Van Hoosen v. Kramer
This text of 319 F. App'x 590 (Van Hoosen v. Kramer) is published on Counsel Stack Legal Research, covering Court of Appeals for the Ninth Circuit primary law. Counsel Stack provides free access to over 12 million legal documents including statutes, case law, regulations, and constitutions.
Opinion
MEMORANDUM
Daniel Stanley Van Hoosen appeals the district court’s dismissal of his petition for habeas corpus relief. See 28 U.S.C. § 2254. We affirm.
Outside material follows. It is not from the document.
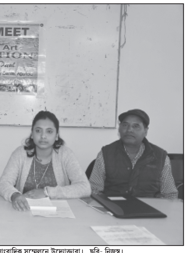
শুক্রবার আগরতলা প্রেস ক্লাবে আয়োজিত একক চিত্র প্রদর্শনি নিয়ে সাংবাদিক সম্মেলনে উদ্যোক্তারা।

কুলতলি, ২৪ জানুয়ারি (হি. স.): গলার নলি কাটা অবস্থায় জোড়া মহিলায় মৃতদেহ উদ্ধার ঘিরে চাঞ্চল্য দক্ষিণ ২৪ পরগণায় কুলতলিতে। তিনশো ফুট তফাতেই এই দেহ ঘিরে রহস্য ঘনিভূত হয়েছে। জানা গিয়েছে, ওই এলাকায় পিয়ালি নদীর চর থেকেই উদ্ধার হয়েছে মৃতদেহ দুটি। একটি বৃহৎ বৃহস্পতিবার রাতেই উদ্ধার হয়েছিল। অন্যটি শুক্রবার ভোরে উদ্ধার করে পুলিশ। তবে এখনও পর্যন্ত মৃত ওই দুই মহিলায় পরিচয় জানা সম্ভব হয়নি। গোটা ঘটনার তদন্ত শুরু করেছে পুলিশ। ঘটনাস্থল থেকে একটি চাদর

The district court determined that the petition was second or successive because Van Hoosen was, for a second time, attempting to overturn his conviction and the first petition had been decided on the merits. We agree that the petition [591]*591was a second or successive attack on his conviction. Therefore, Van Hoosen was required to obtain an order from this court before he filed that petition. See 28 U.S.C. § 2244(b)(3)(A); Felker v. Turpin, 518 U.S. 651, 657, 116 S.Ct. 2333, 2337, 135 L.Ed.2d 827 (1996); United States v. Lopez, 534 F.3d 1027, 1033 (9th Cir.), reh’g granted, 301 Fed.Appx. 587 (9th Cir.2008); Cooper v. Calderon, 274 F.3d 1270, 1272-74 (9th Cir.2001) (per curiam). The requirement that he obtain that order is jurisdictional. See Burton v. Stewart, 549 U.S. 147, 153, 127 S.Ct. 793, 796, 166 L.Ed.2d 628 (2007) (per curiam). If Van Hoosen believed that new facts had come to light, that was merely a basis for asking us to issue an order authorizing consideration of an application for relief. See 28 U.S.C. § 2244(b)(2), (b)(3)(A). Moreover, he did not point to any other possible exception to the requirement. Cf. Panetti v. Quarterman, 551 U.S. 930, -, 127 S.Ct. 2842, 2852-55, 168 L.Ed.2d 662 (2007) (claim of incompetence to be executed that could not have been brought up earlier as a matter of law); Slack v. McDaniel, 529 U.S. 473, 485-86, 120 S.Ct. 1595, 1604-05, 146 L.Ed.2d 542 (2000) (claim where prior petition not considered on the merits); Hill v. Alaska, 297 F.3d 895, 899 (9th Cir.2002) (challenge to a later failure to grant a prisoner mandatory parole).1
AFFIRMED.
This disposition is not appropriate for publication and is not precedent except as provided by 9th Cir. R. 36-3.